I bet the employment list goes off of full time employees.

----------


## Pete

> If Walmart and WM Neighborhood Markets has 30 stores in the OKC area, how do they avoid being on this list?  What is the average employment footprint of a Walmart, WN Neighborhood Market or Walmart Supercenter?


Great question!

According to W-M, super centers employ 300 and neighborhood markets about 100.

Even if many of those jobs are part-time -- and I'd bet most of them aren't -- seems like they would make this list easily.

----------


## SOONER8693

Moore Public Schools employs over 2300 people.

----------


## Pete

> Moore Public Schools employs over 2300 people.


Yes, seems strange none of the school districts are shown here.

Could they be included as state employees?

----------


## Spartan

Yeah there are some irregularities with this list..

----------


## Mr. Cotter

> Yes, seems strange none of the school districts are shown here.
> 
> Could they be included as state employees?


That would be my guess.  OKCPS employs 2300 according to the ever-accurate Wikipedia.  That seems about right though - with 55 elementary schools, averaging 30 full time employees, OKCPS elementary schools on their own would make this list.

----------


## Snowman

> Yes, seems strange none of the school districts are shown here.
> 
> Could they be included as state employees?

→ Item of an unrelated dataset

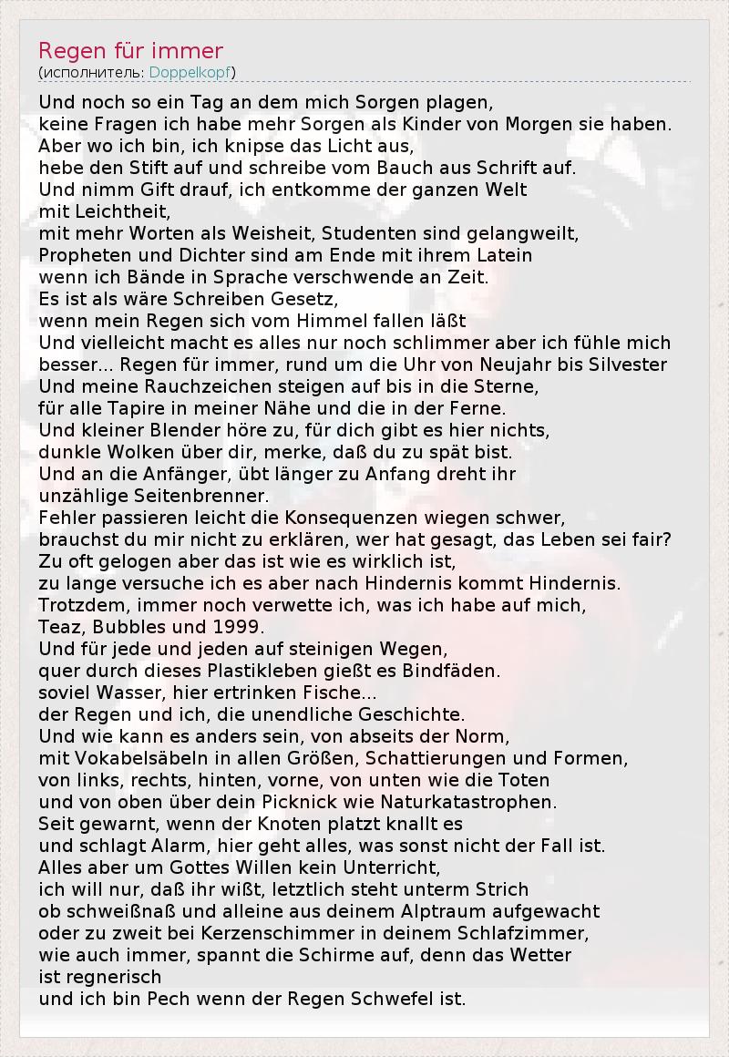 А как ты думаешь, о чем песня "Regen für immer" ?

I would expect them placed in the various city government numbers before the state numbers

----------


## Bellaboo

> I would expect them placed in the various city government numbers before the state numbers


School teachers are considered state employees. State retirement and so on...

----------


## SoonerDave

I think that Boeing facility way over by Tinker is running something over 1,300-1,400 employees now? And growing, I think?

----------


## Just the facts

> Great question!
> 
> According to W-M, super centers employ 300 and neighborhood markets about 100.
> 
> Even if many of those jobs are part-time -- and I'd bet most of them aren't -- seems like they would make this list easily.

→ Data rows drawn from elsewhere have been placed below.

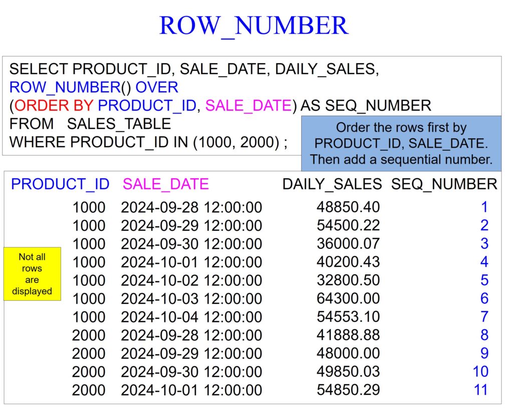 Our example below first orders the data by a major sort of product_id and then a minor sort of sale_date. Notice we see in the result set the product_id of 1000 and within 1000 sequential dates in order. Only after the data is ordered does the row_number place a number starting from one on the first row and incrementing by one until the last. These types of analytics are often referred to as ordered analytics because they order the data before the analytics runs.
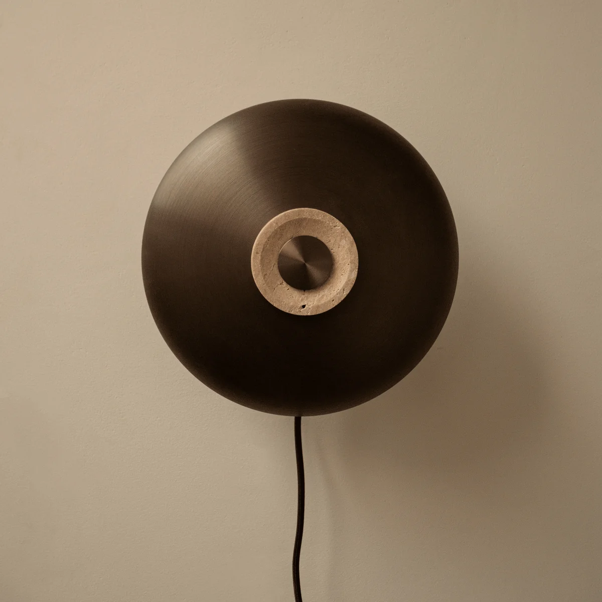 Die Reverse LED Wandleuchte von Audo verbindet rohe Naturmaterialien mit raffinierter Handwerkskunst und schafft eine Balance aus Spannung und Harmonie. Inspiriert von geometrischen Formen, besteht die Wandhalterung aus unbehandeltem Travertinstein, dessen konische Form und natürliche Unregelmässigkeiten die Schönheit organischer Strukturen hervorheben. Im Kontrast dazu steht der geschwungene Schirm aus bronziertem, eloxiertem Aluminium mit einer glatten Oberfläche, die dem Design eine elegante Note verleiht.
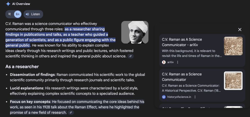 I see that the essay I wrote on CV Raman and made open access (thanks to Resonance, which published it) has been used by several educators on YouTube, including some in Indian languages. Also, the Google AI overview shows the published essay as the main reference for a search related to Raman’s science communication (see slideshow below).

You have to be careful when discussing walmart employment numbers.  The 300 figure is used a lot by Walmart but that is only when they first open the store.  After the store has been open people quit and they aren't replaced.  A supercenter that has been open for a year only employs about 150 people.

----------


## Pete

But even if they only employ 150 at the super centers, there are 11 (!) in the metro area, so that's well more than a thousand employees not even counting the neighborhood markets or Sam's Clubs.

----------


## Just the facts

Maybe Walmart chooses not to report their numbers to whomever the source is for the list.  Getting employment numbers can be hard because Walmart (and I am sure other companies) sell their 300 count as the basis for a lot of local incentives around the country.  If it was widely spread that the real number was 1/2 that it could cause problems for them.

----------


## Spartan

Simply put, I don't think it looks good for a major metro to have Walmart as one of its top employers. 

Also consider that the majority of Walmart employees are on public assistance because the corporation pays a national average of $8.81/hour (certainly lower in Oklahoma).

It's ugly.

----------


## ThomPaine

If they're going to include both full and part-time employees, the Oklahoma National Guard has over 10,000 statewide, about half that in the metro.  Of that number, somewhere around 1500 or so full- time statewide.

----------


## Mel

> Does the State of Oklahoma employment numbers mean OKC metro - or the entire state?  Honestly, I don't believe it employs nearly as many as Tinker in the OKC metro.


Have you ever noticed how many it takes to fill a pothole? 2 doing the work and 3 to supervise.

----------


## ljbab728

> Simply put, I don't think it looks good for a major metro to have Walmart as one of its top employers. 
> 
> Also consider that the majority of Walmart employees are on public assistance because the corporation pays a national average of $8.81/hour (certainly lower in Oklahoma).
> 
> It's ugly.


LOL, Spartan.  So are you suggesting that the Walmarts in OKC should start firing people so we can look better?

----------


## Pete

It could very well be that the Chamber doesn't want to list Wal-Mart and simply leaves them off.

----------


## Pete

The Chamber just released a new list of largest employers in the MSA.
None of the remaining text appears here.